The SB 33 push also comes just as congressional Republicans were mounting an effort via the Congressional Review Act to undo the CFPB.
Democrats have defended the bill as a means of thwarting developments such as the recent Well Fargo bogus account scandal, where bank staffers systematically used the personal information of existing customers to open other accounts in their names without their knowledge or permission. Once the fraud became known to customers, bank officials would then point to the arbitration language in their original contract as a means of preventing them from filing suit against the bank.
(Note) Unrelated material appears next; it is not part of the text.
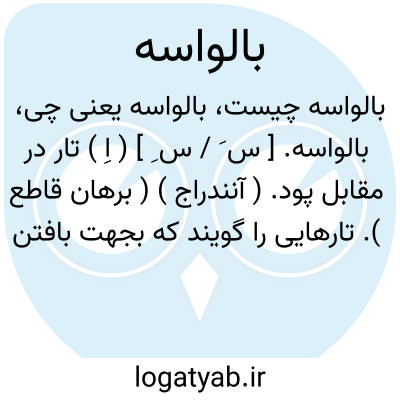 بالواسه. [ س َ / س ِ ] ( اِ ) تار در مقابل پود. ( آنندراج ) ( برهان قاطع ). تارهایی را گویند که بجهت بافتن مهیا ساخته اند و آنرا تانه نیز خوانند.( فرهنگ جهانگیری ) ( از فرهنگ شعوری ج 1 ص 192 ). ریسمانهائی که بطور تار ( مقابل پود ) مهیا شده باشد. ( فرهنگ نظام ). تار جامه و بافته مقابل پود. ( ناظم الاطباء ). ریسمان پارچه که در طول واقع شود. تار. تاره. تانه. فرت. سدی. حایل. مقابل پود. رجوع به بالوسه شود.

The bill has the support of state Treasurer John Chiang as well as organizations such as the Consumer Federation of California.
Meanwhile, California Citizens Against Lawsuit Abuse regional rirector Maryann Marino thinks everyone would be better served by a plan that more thoroughly takes every avenue that stands to be impacted into account.
“California Citizens Against Lawsuit Abuse supports arbitration over litigation,” she told the Northern California Record. “The outcomes are resolved more quickly, are less expensive and consumers tend to be made whole at a higher rate than being part of a class action lawsuit where the attorneys profit and the plaintiffs receive pennies.”
Although Marino couldn’t be much clearer in showing what side of the aisle her organization stands, what remains a mystery is the position of Gov. Jerry Brown who has been mum on the issue.
Brown previously vetoed the somewhat similar AB 465 bill, which would have made California a trailblazer in banning the use of mandatory arbitration provisions as a condition to employment.